Netflix’s QA problem is getting worse, not better

Netflix has entered a new era of losing subscribers, stock drops, and doing things they never thought they would have to do, like introducing an ad-supported tier of service in the face of increased competition.

But the main problem with Netflix, aside from its high price, remains the quality control of its sheer stream of content, a problem that only seems to get worse, not better, over time. Especially compared to its rivals.

Right now, looking at Netflix’s top 10 list in the US, the top 3 movies and shows, all Netflix originals, have been rated bad by critics, minus one that still doesn’t have enough reviews to qualify. And before you think this is another case of a snobbish critic/eager fan split, 5 of the 6 movies and shows also have rotten viewership scores.

On the list, you can see additional issues, such as the fact that well-rated and popular shows like Stranger Things and Never Have I Ever only have one season. The Sandman has high scores, which is a real miracle given how difficult it is to adapt that source material, but creator Neil Gaiman has taken to Twitter saying Netflix can still cancel the show because it’s so expensive and season 2 keeps changing. .

It’s a pretty weird situation, to be honest. Browsing the Rotten Tomatoes main page, under the Most Popular TV and Most Popular Streaming Movies sections, literally every series or movie that features rotten scores is a Netflix original. In this case Echoes and Partner track for TV, Day Shift, Look Both Ways and The Gray Man for cinema. For every hit (Mo on Netflix is ​​at 100% right now), there seem to be five misses.

You just don’t see these kinds of failure rates among Netflix’s competition like HBO Max, Apple TV Plus, Disney Plus, Hulu, or Amazon Prime. When we have these kinds of debates elsewhere, is it that She-Hulk’s 88% critics and 78% audience score are on the low end of Disney’s other MCU offerings, or that House of the Dragon, at 83%, is scoring slightly below Game of Thrones. season 1. It’s a totally different scale, and no other service is consistently throwing out glitch after glitch like this.

Failures are handled in different ways. Many die outright, like the recent Resident Evil, which was expensive and scored poorly with critics and fans. But the point is that the series should never have made it to the air in its current form in the first place, and there seems to be no guiding force in most Netflix Originals to ensure a basic level of quality there.

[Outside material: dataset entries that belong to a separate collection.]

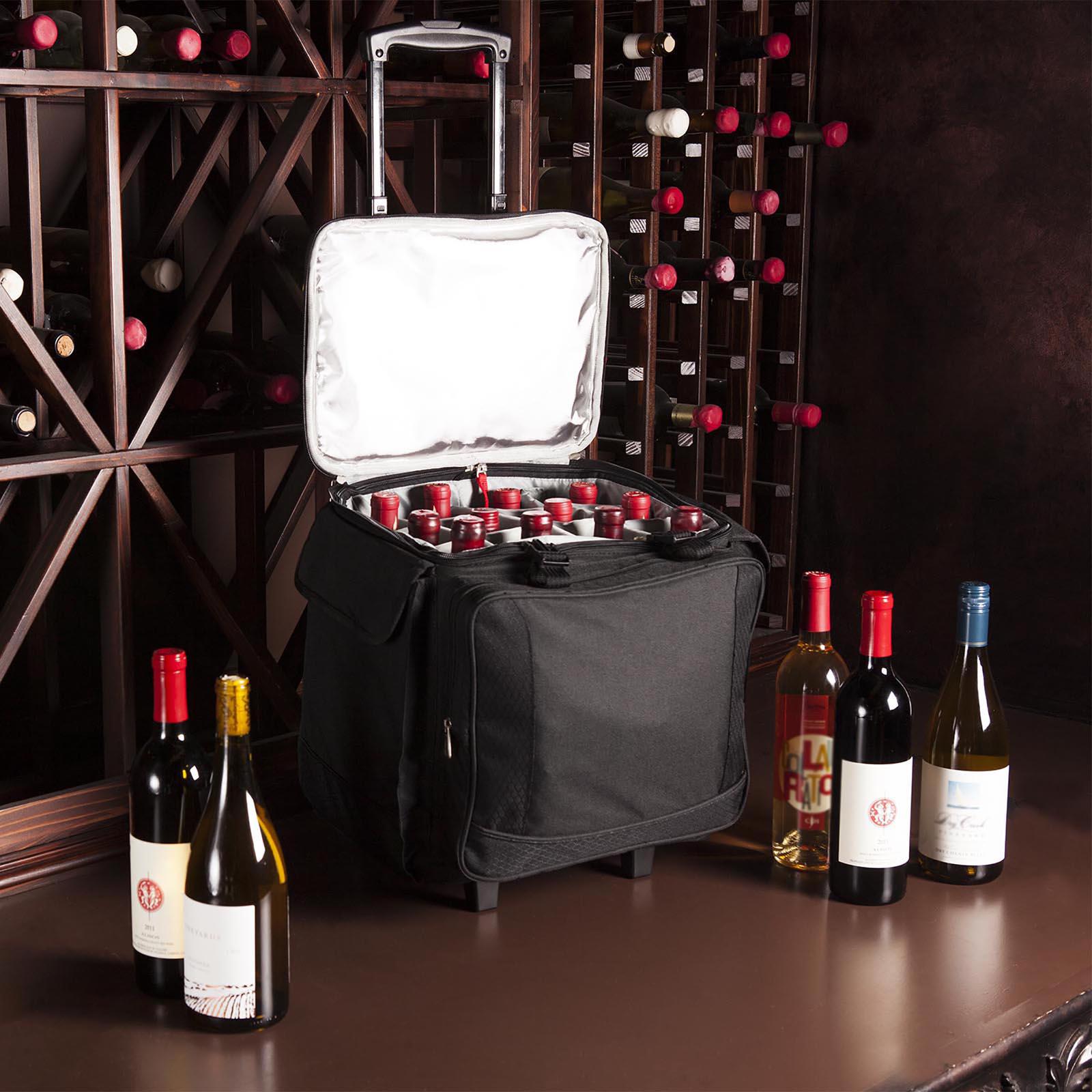 Roll hard to the picnic party with the Bodega Wine & Cooler Tote, a rolling beverage cooler with a push-button-release telescoping handle. This rolling cooler features a spacious water-resistant-lined interior that holds 12 wine bottles or 40 12oz cans and the three exterior pockets are large enough to hold 3-ring binders (tasting notes?) and other personal effects. Because convenience is cool.
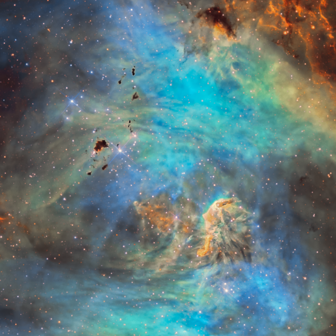 谢克瑞云球是在恒星形成区 IC2944 的密集、不透明的暗黑色尘埃云。它们会不时地出现于恒星诞生区。图中最大的一片云球大小约1.4光年,有接近十五倍的太阳质量。虽然有些云球会孕育出新的恒星,但是这一组云球却也许没有这个机会。因为它们正被邻近的炽热恒星高速地蒸发掉。
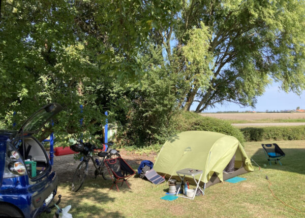 Hellgrünes Zelt umgeben von Hocker, Tischchen, Auto, Fahrrad und Bäumen. Das Zelt steht in der Sonne, das Auto im Schatten. Im Hintergrund ist ein Acker zu sehen und ein wenig blauer Himmel darüber.
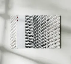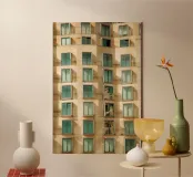 Modelli urbani a Berlino-Mitte: La moderna facciata dell'edificio si presenta come un disegno geometrico di vetro e pietra. Le finestre, disposte in modo uniforme, riflettono la luce del giorno, mentre le dolci onde della struttura dell'edificio spezzano il ritmo rigoroso. Le sottili tracce del tempo e delle intemperie conferiscono all'architettura chiara una sottile vivacità: un gioco tra ordine e cambiamento organico.

By volume alone, Netflix has a number of good shows buried among its mountains of garbage, but it’s getting harder and harder to find them with so much content coming out so fast and the risk associated with investing in them. none moderately acceptable program, so that the metrics do not cause it to be canceled after a cliffhanger ending, which also happens frequently. Netflix may be getting at least a little better at removing bad shows and keeping the good ones, but the point is that there are too many baseline bad ones to get through, and that problem only gets worse over time.